- What the exercise asks -
Retype each line of the material exactly, please, skipping any picture in it.

- Given data -
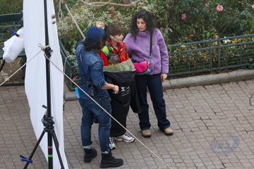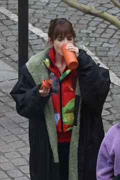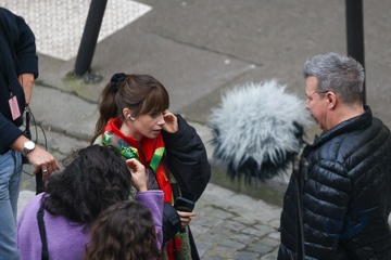 Semi-exclusif - Lily Collins et Camille Razat sur le tournage de la saison 4 de "Emily in Paris" sur Netflix à Paris
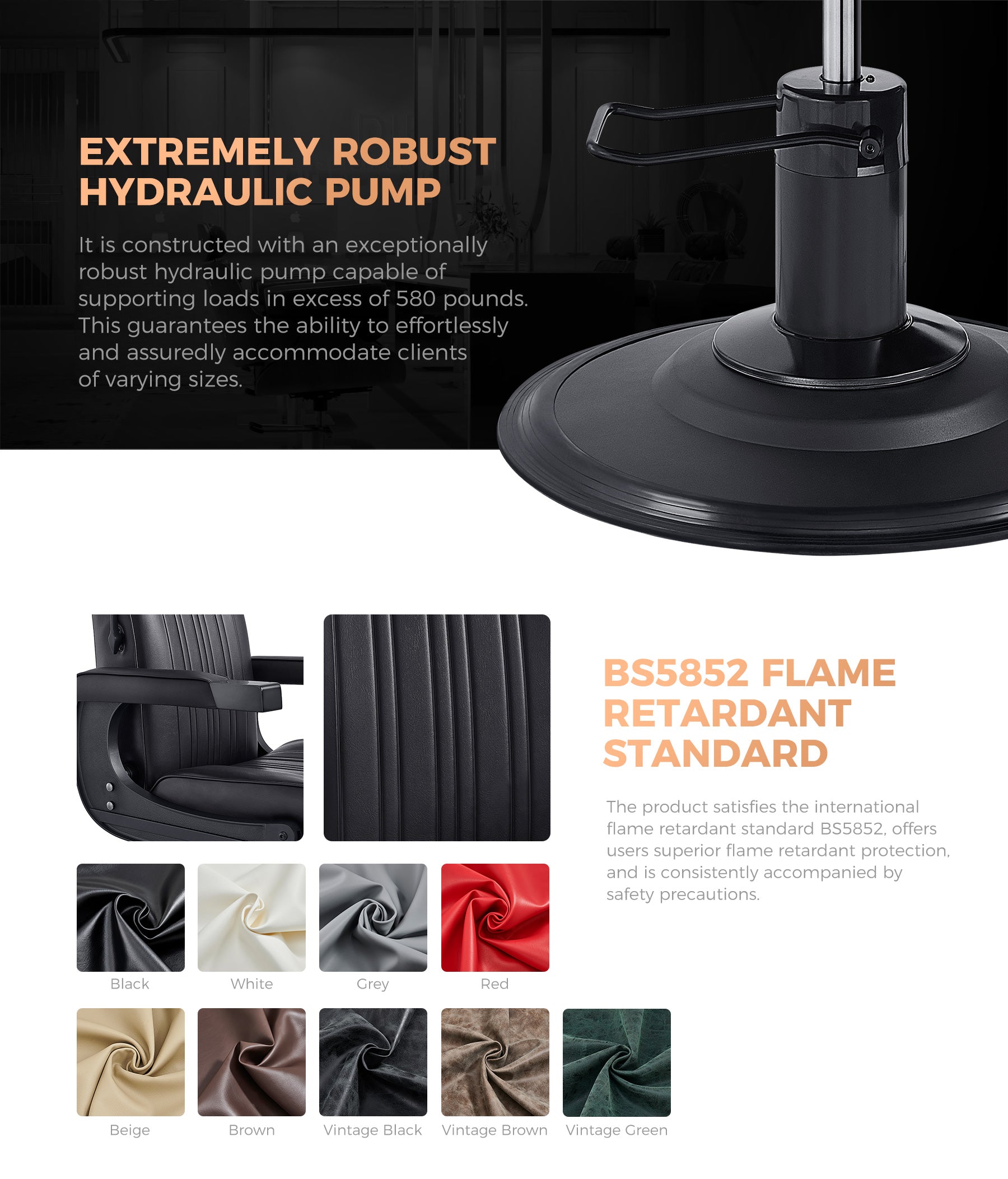 Mukavan istuimen lisäksi tässä modernissa parturituolissa on erittäin tehokas hydraulinen pumppu. Tämä pumppu on suunniteltu käsittelemään jopa vaikuttavan 230 kg:n painoja, mikä varmistaa, että tuoli sopii kaikenkokoisille asiakkaille. Hydraulipumppu mahdollistaa myös helpon korkeussäädön lukitustoiminnolla, joten löydät täydellisen asennon asiakkaillesi.
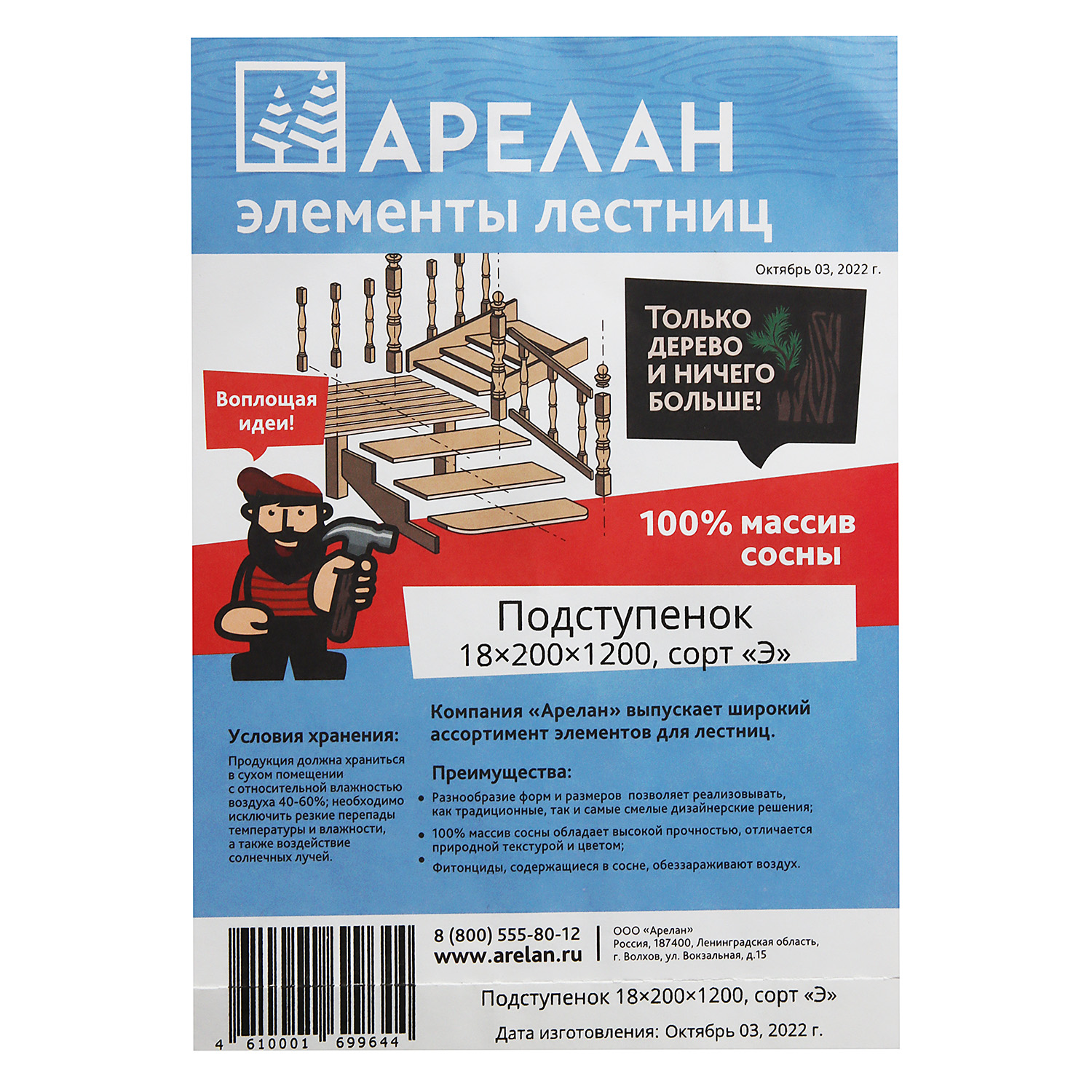 Подступенок 18*200*1200мм сорт Экстра Арелан *4

- Written solution -
 Semi-exclusif - Lily Collins et Camille Razat sur le tournage de la saison 4 de "Emily in Paris" sur Netflix à Paris
 Mukavan istuimen lisäksi tässä modernissa parturituolissa on erittäin tehokas hydraulinen pumppu. Tämä pumppu on suunniteltu käsittelemään jopa vaikuttavan 230 kg:n painoja, mikä varmistaa, että tuoli sopii kaikenkokoisille asiakkaille. Hydraulipumppu mahdollistaa myös helpon korkeussäädön lukitustoiminnolla, joten löydät täydellisen asennon asiakkaillesi.
 Подступенок 18*200*1200мм сорт Экстра Арелан *4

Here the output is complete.